● TASK TO CARRY OUT: Everything in the listing below except the pictures should be reproduced exactly.

● SUPPLIED INFORMATION:

--- START ---

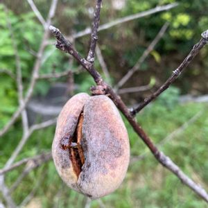 アーモンドさん、 蜜でてます。 いまのところ落ちてなさそうで 大丈夫そうですが 一部 かびてきました。 ヒビがはいるまで 今年もどのくらい生き残ってるのか 耐久レースです\\\\٩( 'ω' )و //// 6月6日の様子
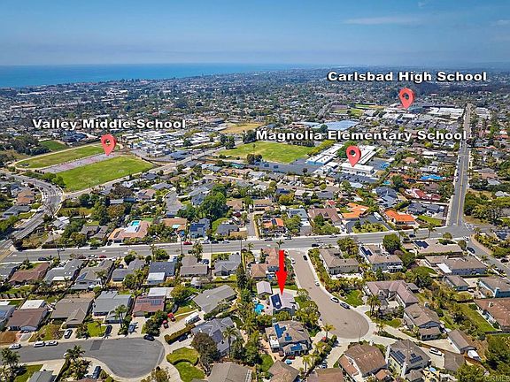 Exceptional Coastal Living in Prime Olde Carlsbad - Your Private Retreat Awaits! Discover an unparalleled opportunity in the highly sought-after Olde Carlsbad neighborhood. Situated on a peaceful cul-de-sac, this impressive single-family home offers elegant living and resort-style amenities. Inside, you will find 4 bedrooms and 3 bathrooms within a spacious 3.004 sq ft. floor plan. The heart of the home is a beautifully appointed kitchen featuring all new Viking appliances. This meticulously maintained residence sits on a substantial 11,600 sq ft. lot, offering a true outdoor oasis. Outdoor highlights: Enjoy a sparking pool and Jacuzzi, perfect for relaxation and entertaining. Gather around the stylish gas fire pit on cool evenings. The roomy gazebo, complete with lights and furniture, provides a comfortable space for al fresco living. The property showcases professional landscaping and gardening, creating a serene and inviting ambiance. Location, Location, Location: Just 1.2 miles from pristine beaches and the vibrant downtown Carlsbad Village, a diverse array of excellent shops and restaurants. Walking distance to award-winning Magnolia Elementary, Valley Middle, and Carlsbad High School. Additional features include owned solar panels for energy efficiency. This is a rare opportunity to embrace the coveted Carlsbad lifestyle. Schedule your private showing today.
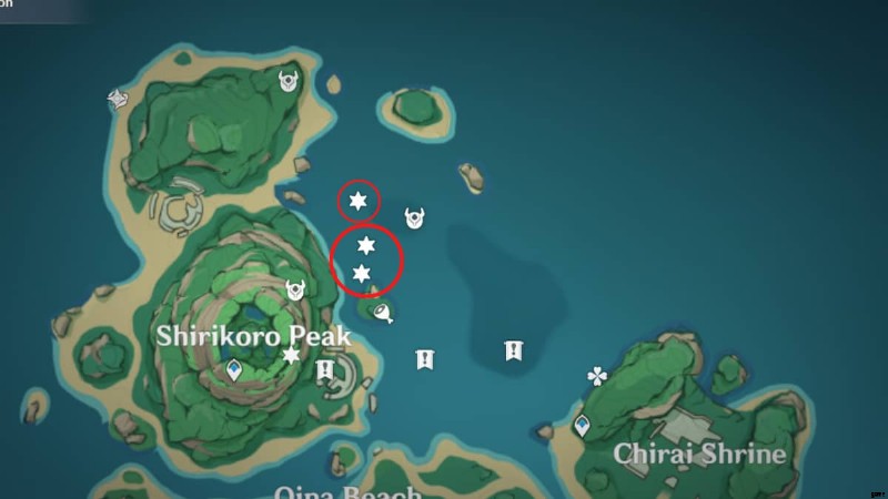丸で囲まれた場所は海の真ん中にありますが、ウェイブライダーに乗ることはできません。尻コロ峰の奥まで降りて地下通路にアクセスし、正解のエリアを探す必要があります。

--- END ---

● ANSWER BELOW:
 アーモンドさん、 蜜でてます。 いまのところ落ちてなさそうで 大丈夫そうですが 一部 かびてきました。 ヒビがはいるまで 今年もどのくらい生き残ってるのか 耐久レースです\\\\٩( 'ω' )و //// 6月6日の様子
 Exceptional Coastal Living in Prime Olde Carlsbad - Your Private Retreat Awaits! Discover an unparalleled opportunity in the highly sought-after Olde Carlsbad neighborhood. Situated on a peaceful cul-de-sac, this impressive single-family home offers elegant living and resort-style amenities. Inside, you will find 4 bedrooms and 3 bathrooms within a spacious 3.004 sq ft. floor plan. The heart of the home is a beautifully appointed kitchen featuring all new Viking appliances. This meticulously maintained residence sits on a substantial 11,600 sq ft. lot, offering a true outdoor oasis. Outdoor highlights: Enjoy a sparking pool and Jacuzzi, perfect for relaxation and entertaining. Gather around the stylish gas fire pit on cool evenings. The roomy gazebo, complete with lights and furniture, provides a comfortable space for al fresco living. The property showcases professional landscaping and gardening, creating a serene and inviting ambiance. Location, Location, Location: Just 1.2 miles from pristine beaches and the vibrant downtown Carlsbad Village, a diverse array of excellent shops and restaurants. Walking distance to award-winning Magnolia Elementary, Valley Middle, and Carlsbad High School. Additional features include owned solar panels for energy efficiency. This is a rare opportunity to embrace the coveted Carlsbad lifestyle. Schedule your private showing today.
丸で囲まれた場所は海の真ん中にありますが、ウェイブライダーに乗ることはできません。尻コロ峰の奥まで降りて地下通路にアクセスし、正解のエリアを探す必要があります。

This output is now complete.